The time for ‘small thinking’ on paid family leave is over

In his first address to Congress, President Trump mentioned, among myriad other issues, paid family leave. He said, “My administration wants to work with members in both parties to … help ensure new parents have paid family leave.” He also said later in his speech, “The time for small thinking is over.”

He’s right. It’s time to think big and outside of the box to maximize benefit options for working parents.

For too long, the discussion about paid family leave policy has focused on mandates on employers or new government programs to guarantee new parents some paid time off from work. But those ideas represent small thinking on the paid leave issue.

When the government mandates paid time off, workers might see this as a new benefit. But there’s more to it than that. Even former President Barack Obama understood that mandates aren’t a magic wand. He said in 2008 (ironically, arguing against a health insurance mandate he later signed into law), “If a mandate was the solution, we can try that to solve homelessness by mandating everybody to buy a house.”

Employers have limited resources to dedicate to labor costs. Paid time off is a labor cost, because while workers are out with a new baby (or for any other reason), productivity slows or employers must find and pay temporary replacement workers.

This policy, popular in some other countries, can backfire on working parents — particularly mothers, the very people it intended to help. In countries with more generous paid-leave mandates, women face greater pay disparities, and fewer women climb the professional ladder to advanced positions.

Why? Employers want to hire workers who will be maximally productive. Women are much more likely than men to take time off for family reasons, and because employers know this, they may hire or promote fewer women when providing paid leave is mandatory. In fact, there’s some evidence that the Family Medical Leave Act, a 1993 law that requires large employers to offer 12 weeks of unpaid leave for family or medical reasons, has already led to some adverse selection against women in the work force. This effect would only increase with a paid leave mandate.

To avoid putting this burden on employers, some Democrats have suggested creating a new entitlement program within the Social Security Administration, funded by a new payroll tax, to pay workers two-thirds of their salary for 12 weeks of parental leave. This government-centric approach is also small thinking, as it would have many of the same downsides as mandated leave and other government entitlements.

If government sets a paid leave policy, through a mandate or entitlement, there’s risk that this policy will replace the options currently available to many workers. Even absent a government mandate, many employers offer paid parental leave today (some at full, not just partial, pay) along with work-from-home or other flexible options. Would these employers continue these offerings if a new government program became the norm?

Also, as is the case with other government entitlements like Medicare and Social Security, there would be an inherent unfairness to a paid-leave entitlement program. There are those workers who might pay into a paid-leave entitlement program and never have the opportunity to have a baby or take a family-related leave. We also have to ask, given the track record of other entitlements, whether a new paid-leave program would also face underfunding and long-term financial insolvency.

Instead of these small, old, government-centric ideas, it’s time to think big about how to maximize parental leave options. There is some good news: Many U.S. employers, recognizing the value of working parents and the demand for leave benefits, are offering more and more generous paid leave even in the absence of a mandate.

But we can do more. First, we can pass a pro-growth economic agenda that restores maximum resources to the private sector. A robust, competitive labor market is workers’ best friend when it comes to negotiating for the benefits that we demand.

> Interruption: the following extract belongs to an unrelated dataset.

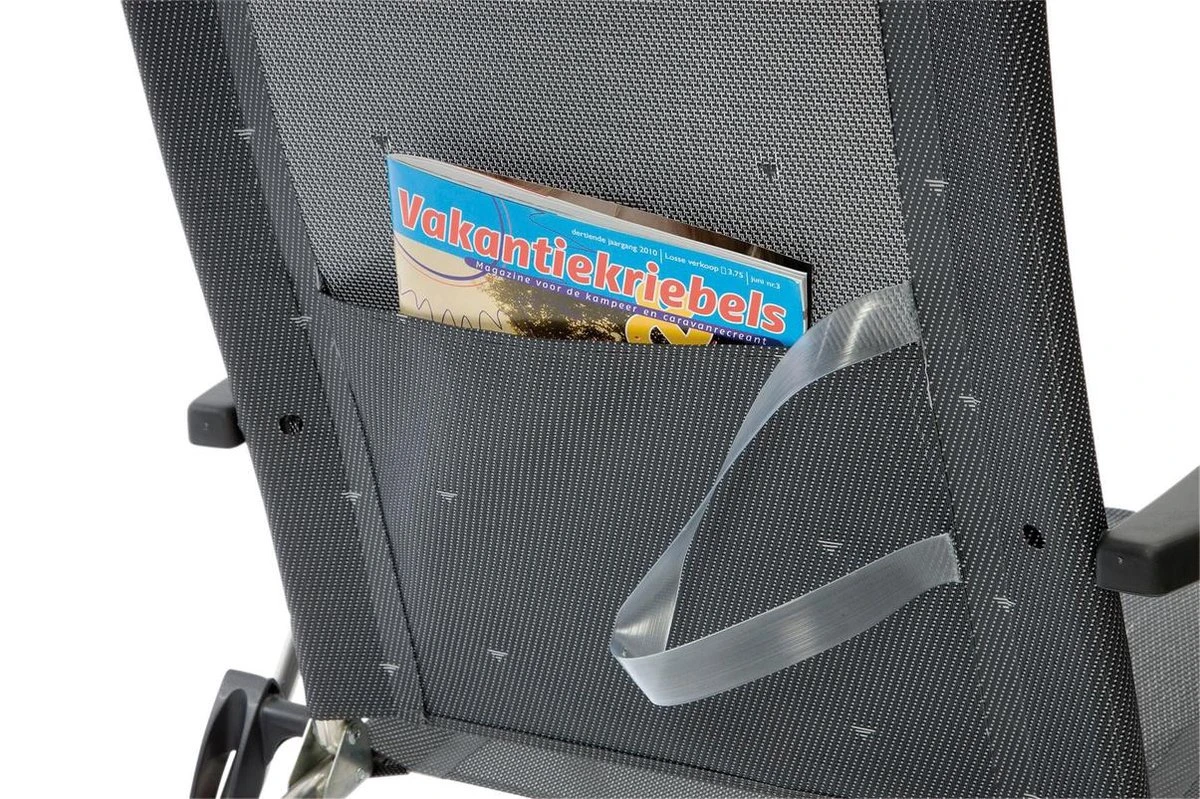 Een luxe en comfortabele donker grijze strandstoel van het merk Crespo. Deze stoel is ideaal voor gebruik op het strand, bij de tent of voor onderweg.
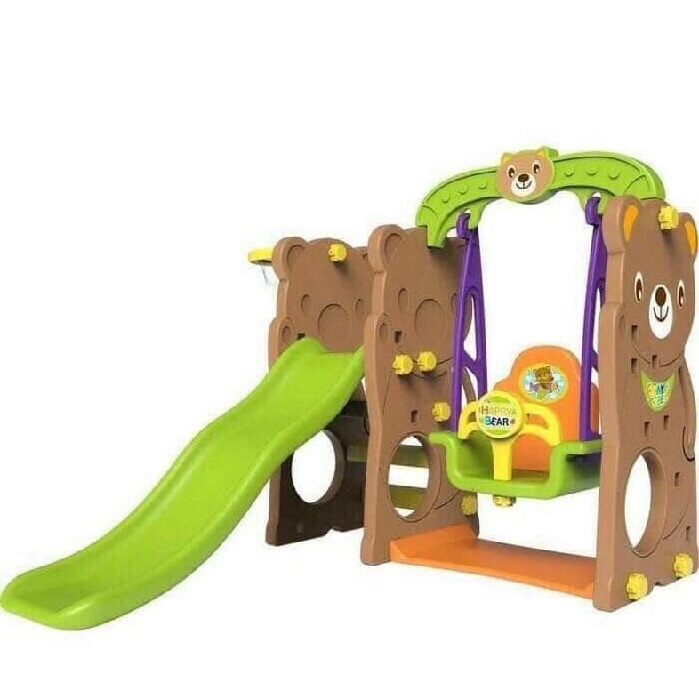 Bear slide with swing ini hadir dengan design beruang lucu dan warna tropis. Bahan yang tidak beracun aman untuk anak anak dan kokoh, tangga anti slip dan lebar, pegangan yang mudah di genggam sibuah hati dan perosotan berbentuk gelombang akan mendukung keamanan si buah hati ketika bermain.

Second, we can specifically address the issue of parental leave by allowing parents to save tax-free for an upcoming period of leave. At the Independent Women’s Forum, we’ve starting to advocate Personal Care Accounts. Workers, employers, or third parties (such as charities) could contribute and save tax-free, and then workers could use the money for situations eligible under FMLA. Unused funds could simply be rolled into retirement accounts. This would be a much fairer and more flexible way to help workers navigate and afford a period of time off.

Let’s hope that Trump really will think big about how to open more doors for working parents. The time for small thinking on this issue is over.

Hadley Heath Manning (@HadleyHeath) is a contributor to the Washington Examiner’s Beltway Confidential blog. She is a senior policy analyst and director of health policy at the Independent Women’s Forum, and a Tony Blankley Fellow at the Steamboat Institute.